"Oh, goodness!" some one whispered in Crosby's ear.

"But he ain't armed," argued Higgins. "If he'd had a gun don't you s'pose he'd shot that dog an' got away long before he did?"

"That shows how much you know about these crooks, Higgins," said the other loftily. "He had a mighty good reason for not shooting the dog."

"What was the reason?"

"I don't know jest what it was, but any darned fool ought to see that he had a reason. Else why didn't he shoot? Course he had a reason. But the funny part of the whole thing is what has become of the woman."

"What woman?"

"That widder," responded the other, and Crosby felt her arm harden. "I never thought much o' that woman. You'd think she owned the whole town of Dexter to see her paradin' around the streets, showin' off her city clothes, an' all such stuff. They do say she led George Delancy a devil of a life, an' it's no wonder he died."

"The wretch!" came from the rear of the wagon.

"Well, she's up and skipped out with the horse thief. Austin says she tried to protect him, and I guess they had a regular family row over the affair. She's gone an' the man's gone, an' it looks darned suspicious. He was a good-lookin' feller, Austin says, an' she's dead crazy to git another man, I've heard. Dang me, it's jest as I said to Davis: I wouldn't put it above her to take up with this good-lookin' thief an' skip off with him. Her husband's been dead more'n two year, an' she's too darned purty to stay in strict mournin' longer'n she has to—-"

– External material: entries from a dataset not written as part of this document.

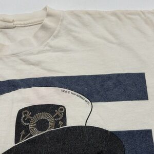 This Vintage Tweety Bird Sailor T Shirt from 1994 is a rare find for collectors of Men's Vintage Clothing. Made of cotton with a white color and featuring short sleeves, this graphic tee showcases the iconic Looney Tunes brand and a sportswear/beach look. The size XL shirt is unisex and single-stitched, adding to its authenticity as an original piece manufactured in the United States during the 1990s. Perfect for fans of nostalgic cartoon characters and vintage fashion alike.
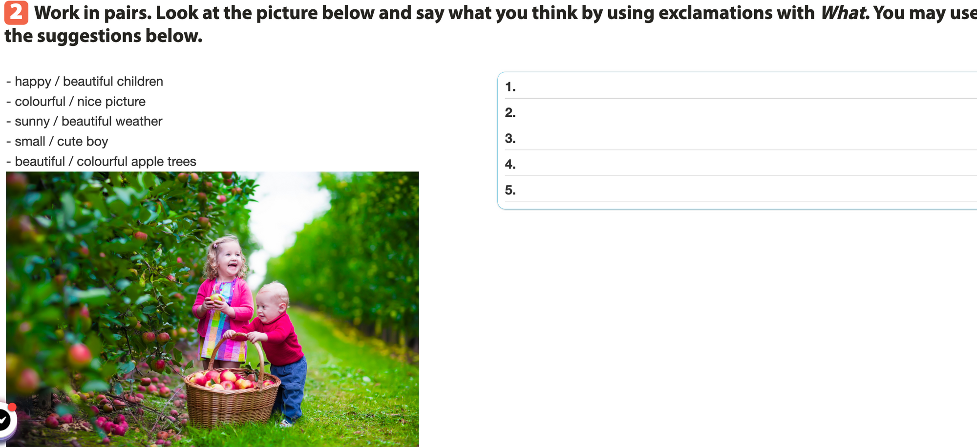 Bài 2. Work in pairs. Look at the picture below and say what you think by using exclamations with What. You may use the suggestions below.
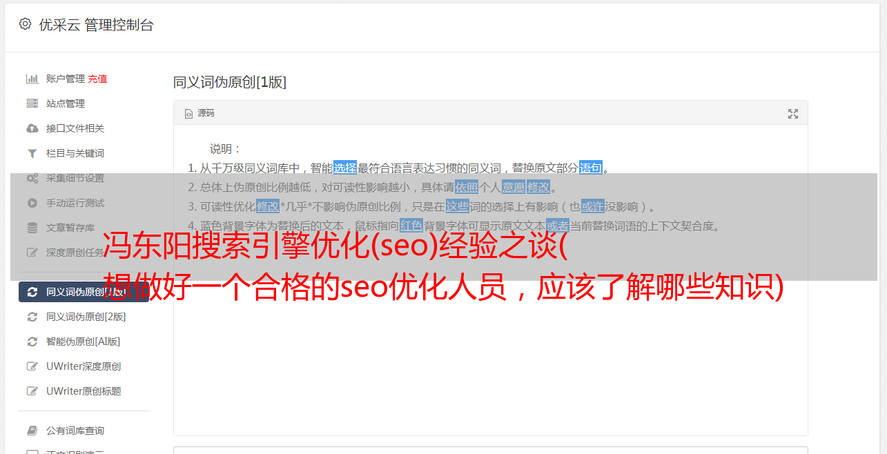 优采云 发布时间: 2022-01-24 08:02冯东阳搜索引擎优化(seo)经验之谈(
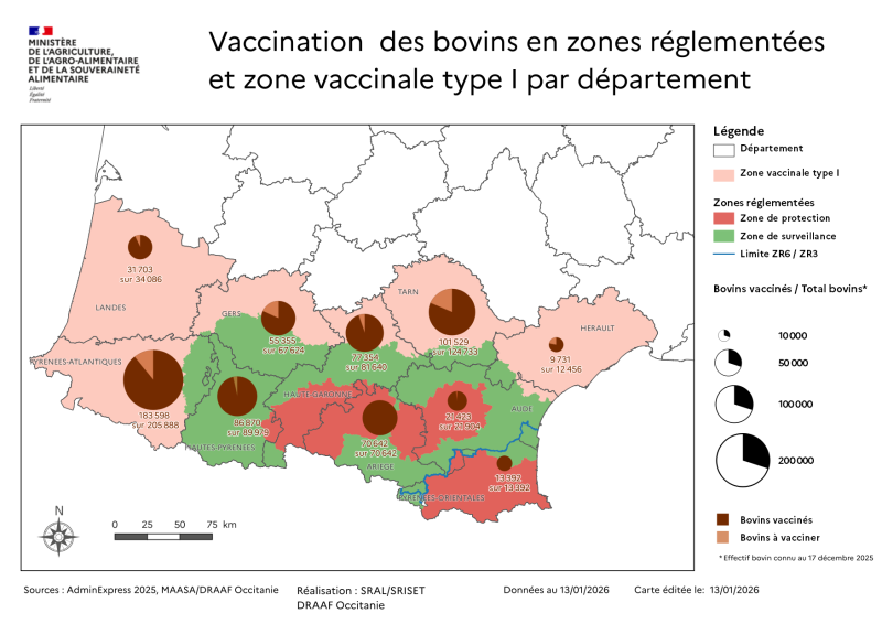 À la date du 13 janvier 2026, 90.2% du cheptel des dix départements du Sud-Ouest concernés est vacciné, soit 651 597 bovins vaccinés.
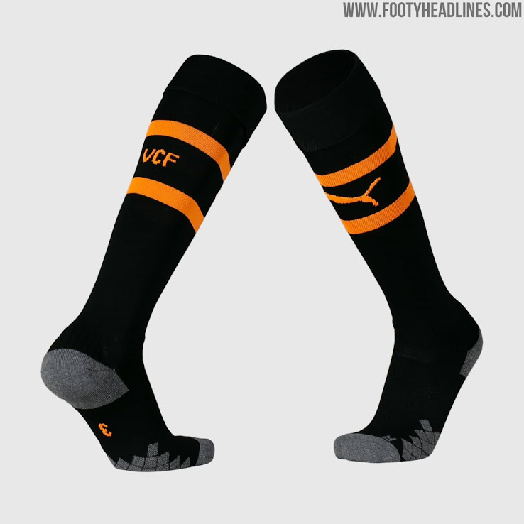Orange Hosen und schwarze Stutzen komplettieren die Optik des neuen Valencia 2019-20 Trikots von Puma.
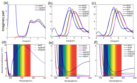 (a–c) The calculated imaginary part ε2 of the dielectric constants and the unit in eV; (d–f) Absorption coefficients and unit in nm of the pure and doped BiOX (X = F, Cl, Br, I) as a function of the energy of incident light.
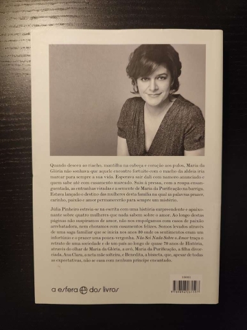 Quando desceu ao riacho, mantilha na cabeça e coração aos pulos, Maria da Glória não sonhava que aquele encontro fortuito com o macho da aldeia iria marcar para sempre a sua vida. Esperava sair dali com namoro anunciado e quem sabe até com casamento marcado. Saiu à pressa, com a roupa ensanguentada, as tripas viradas e a semente de Maria da Purificação na barriga. Estava lançado o destino das mulheres desta família na qual as palavras prazer, carinho, paixão e amor permanecerão para sempre um mistério. A apresentadora de televisão Júlia Pinheiro estreia-se na escrita com uma história surpreendente e apaixonante sobre quatro mulheres que nada sabem sobre o amor. Ao longo destas páginas não suspiramos de amor, não nos empolgamos com casos de paixão arrebatadora, nem choramos com casamentos felizes. Somos levados numa saga familiar que se inicia nos anos 30 onde os sentimentos eram um infortúnio e o prazer uma pouca-vergonha. Não Sei Nada sobre o Amor traça o retrato de uma sociedade e de um país ao longo de quase 70 anos de história, através do olhar de Maria Glória, a avó, Maria da Purificação, a filha divorciada, Ana Clara, a neta mãe solteira, e Benedita, a bisneta, que, apesar de todas as expectativas, não se casa com nenhum príncipe encantado.
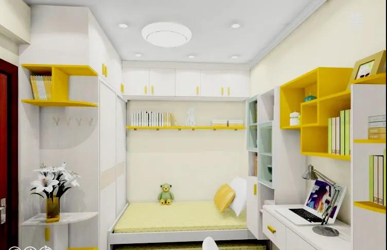 ▲不做榻榻米,换成子母床+衣柜+书桌柜的组合形式也不错,一房多用不在话下。
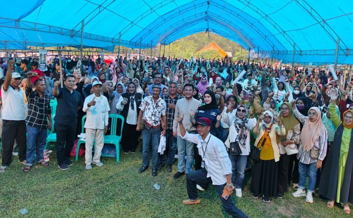Teranyar, Tina Nur Alam disambut meriah oleh ribuan masyarakat Amoito Kabupaten Konawe Selatan (Konsel) dengan menggaungkan Tina Nur Alam Gubernur Perempuan Sultra saat acara pamitan yang tertunda di lapangan Amoito, Minggu 11 Agustus 2024.
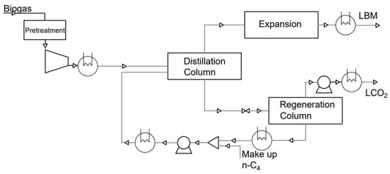 The biogas is pressurized to approximately 40 bar following an initial purification procedure and dehumidification. Heavy hydrocarbons, typically n-butane, are introduced into the extractive distillation column to prevent the solidification of carbon dioxide during the cooling process. The column yields two outputs: a methane-rich stream with trace amounts of carbon dioxide (about 80 ppm) and a stream mostly composed of carbon dioxide and butane at the bottom. The methane-rich stream undergoes expansion and condensation to separate the oxygen and nitrogen. A lamination method is utilized on the CO2 stream, followed by regenerative distillation to separate butane from carbon dioxide. This process is illustrated in the Figure 15. The regeneration process produces two streams: mostly pure liquid carbon dioxide and primarily liquid butane, which is subsequently pumped and returned to the starting column. A makeup butane is used to compensate for the loss during the cycle. This method is unsuitable for producing food-grade CO2 since it contains trace amounts of butane [].
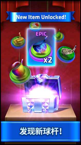 5、解锁宝箱,发现更强大的高尔夫装备,并升级现有的装备: 木杆、铁杆、沙杆、推杆、高尔夫球以及手套!
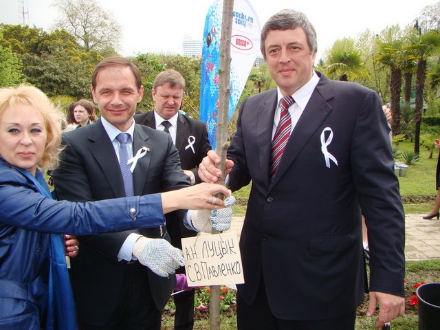 Через некоторое время появились официальные лица, главное место среди которых занимали, конечно, мэр Сочи Анатолий Пахомов и президент оргкомитета «Сочи-2014» Дмитрий Чернышенко.
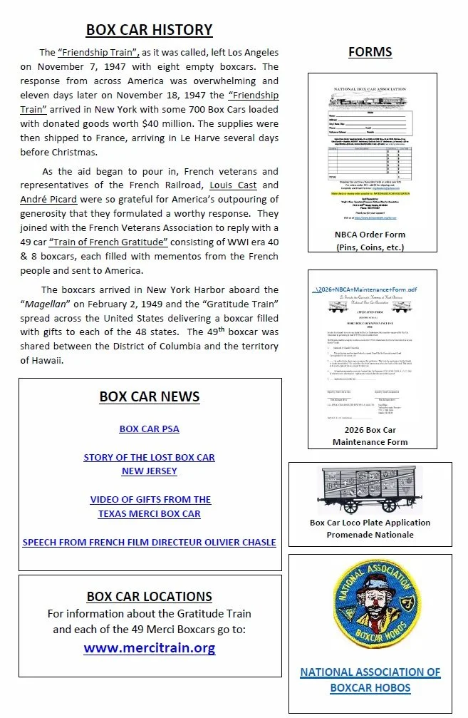 National Box Car Association TO VIEW OR PRINT PAGE 1 CLICK HERE TO VIEW OR PRINT PAGE 2 CLICK HERE TO VIEW OR PRINT PAGE 3 CLICK HERE
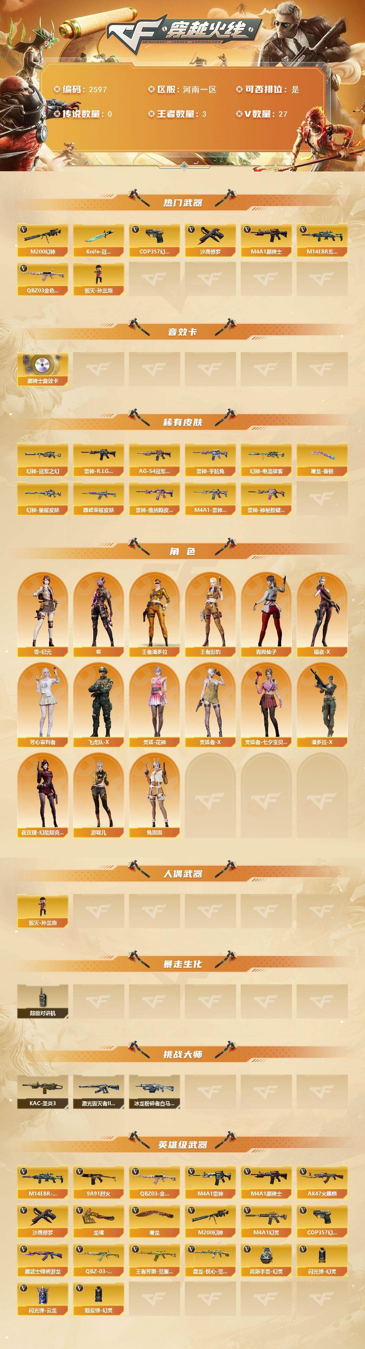 可二次可排位 河南一区-27V-2王者武器数-0炫金武器数【热门武器】:QBZ03-金色蔷薇,M14EBR-玄武,M200-幻神,M4A1-黑骑士,毁灭-孙三炮,COP 357-幻灵,沙鹰-修罗,Knife-冠军之刃【音效卡】:M4A1-黑骑士音效卡【皮肤】:幻神-冠军之幻,幻神-星耀 皮肤,幻神-电流骇客 皮肤,QBZ03-巅峰荣耀皮肤,雷神-R.LGD-CFPLS18冠军,雷神-宇航兔皮肤,雷神-维纳斯皮肤,M4A1-雷神-巅峰荣耀皮肤,雷神-神秘按键 皮肤,黑骑士-AG-S4冠军典藏,屠龙-春桃 皮肤【角色】:隼,零·纪元,4防王者影豹,4防王者潘多拉,暗夜-X,芳心审判者,飞虎队-X,灵狐-花神,灵狐者-X,灵狐者-七夕宝贝,潘多拉-X,青霞仙子,兔囡囡,夜玫瑰-幻能朋克,游珑儿【人偶武器】:毁灭-孙三炮【暴走生化】:超级对讲机【挑战大师】:冰龙粉碎者-白马银枪*2,激光毁灭者III-白马银枪,KAC-圣炎切割者III【英雄级武器】:AK47-火麒麟,M4A1-雷神*2,M4A1-黑骑士,M4A1-幻灵,M14EBR-玄武,黑武士-锦绣游龙,QBZ03-金色蔷薇,9A91-烈火,QBZ-03-王者蔷薇-觉醒版,王者芳薇-觉醒版,机械迷城-穹宇,M200-幻神,盘龙-悦心-觉醒版,沙鹰-修罗,COP 357-幻灵,屠龙,龙啸,高爆手雷-幻灵*3,闪光弹-幻灵*2,闪光弹-云龙,烟雾弹-幻灵*2【道具】:BS战队炫彩背包,CFS限定背包,女皇终结者-背包,炫彩背包,虎牙炫彩背包,哔哩哔哩名片,女皇终结者-魔龙之吻,救世主-黑桃战神,绿色巨人,灵魂忍者*2,变异宝贝,迷雾幽灵*3,夺命之镰,防化服*3,金色流光-枪王排位,星辰流光-枪王排位,流光-鎏金之域,枪王排位28赛季金色流光,电玩兔兔表情,EP战队名片,EP战队喷图,EP战队击杀图标,防弹头盔*3,防弹衣*3,C4工具钳*3,手雷包*3【特殊枪械】:1黑骑士 各种道具详情看截图、低价出售找回包 赔、截图展示段位不代 表实际段位,如赛季更新等不可抗拒因素发生变化、时限道具不保证所剩时间、标题未写送点劵默认不送【卖号买号首选亿梦】
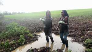It's a freezing cold day and I can't wait to show messymegan how fun messing and playing around in mud is! Dressed in our wellies tight jeans and white tops, you can see it's freezing cold by how hard our nipples are! I start off by splatting Meg in the tits wth mud and the fun continues from there! We fill our jeans up, splat each others arses and I finish off by presenting Meg with some pies.
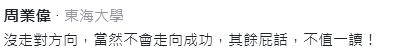蔡英文此言一出即遭到台湾网友痛批“自我安慰,阿Q想法,今年就是去不了,明年后年应该也去不了。”“文青读稿机,再度发挥自慰精神。”“选一个败家的来搞垮台湾”“讲的全是屁话!”
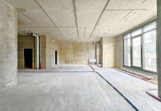 -Без отделки, шлифовка швов бетонирования, полы без стяжки, установлены радиаторы и счетчики.
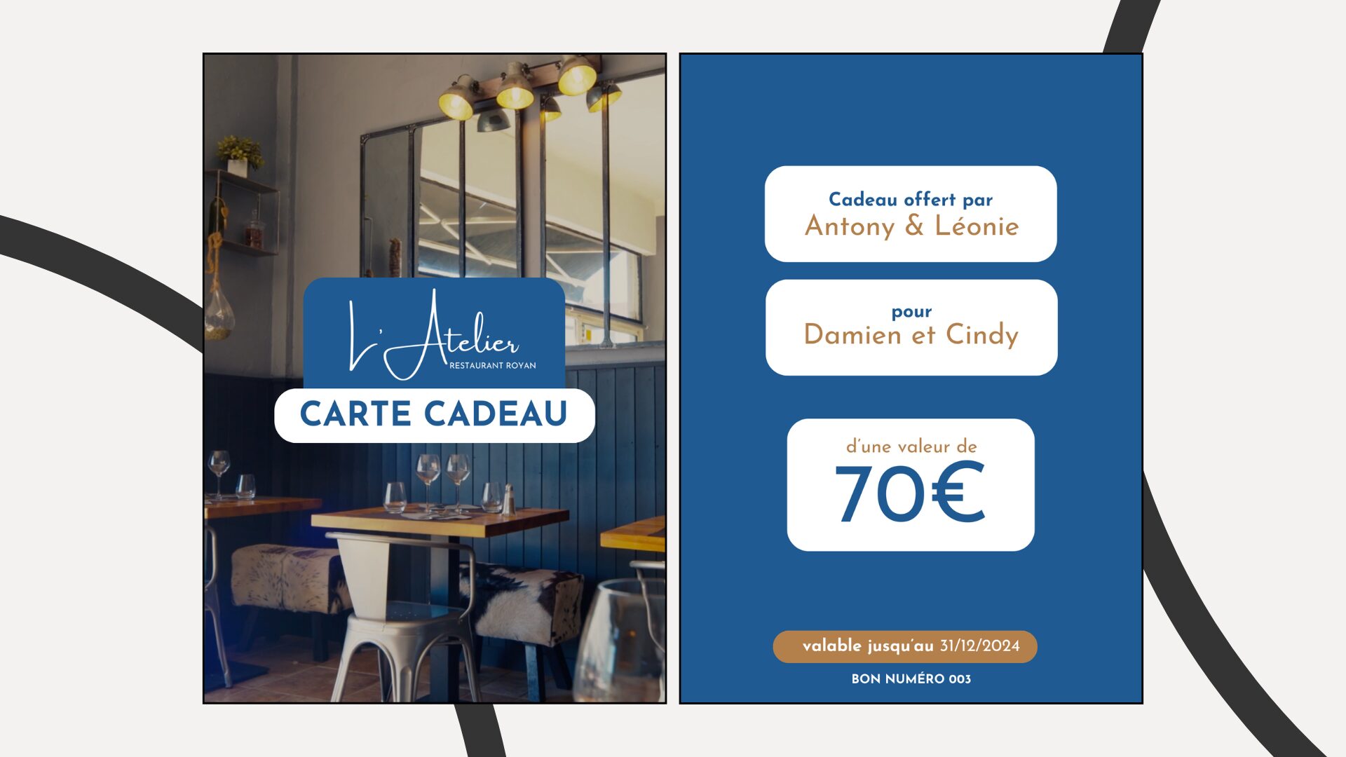 Format carte de correspondance glissée dans une enveloppe assortie, elle transforme un repas en cadeau tangible et valorisant. Les clients fidèles deviennent ainsi les premiers ambassadeurs de L'Atelier auprès de leurs proches.
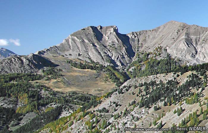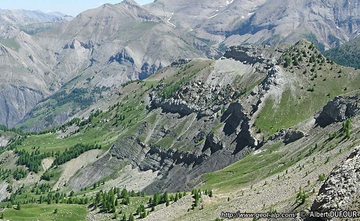 - Plus haut la crête des Graus est formée par une écaille de Prachastel : elle correspond au prolongement occidental, très effilé par biseautage tectonique, de la dalle rigide du Néocrétacé - Nummulitique dont les escarpements ceinturent plus à l'est le massif du Lac d'Allos et de l'Encombrette.

But just then something strong, firm, and resistless grasped his neck from behind, and, even as he opened his mouth to gasp out his surprise and alarm, a vise-like grip shut down on his thigh, and then, he was jerked backward, lifted upward, tossed outward, falling downward. The wagon clattered off in the night, and a tall man and a woman looked over the side of the wagon-bed and waited for the next flash of lightning to show them where the official gossiper had fallen. The long, blinding, flash came, and Crosby saw the man as he picked himself from the ditch at the roadside.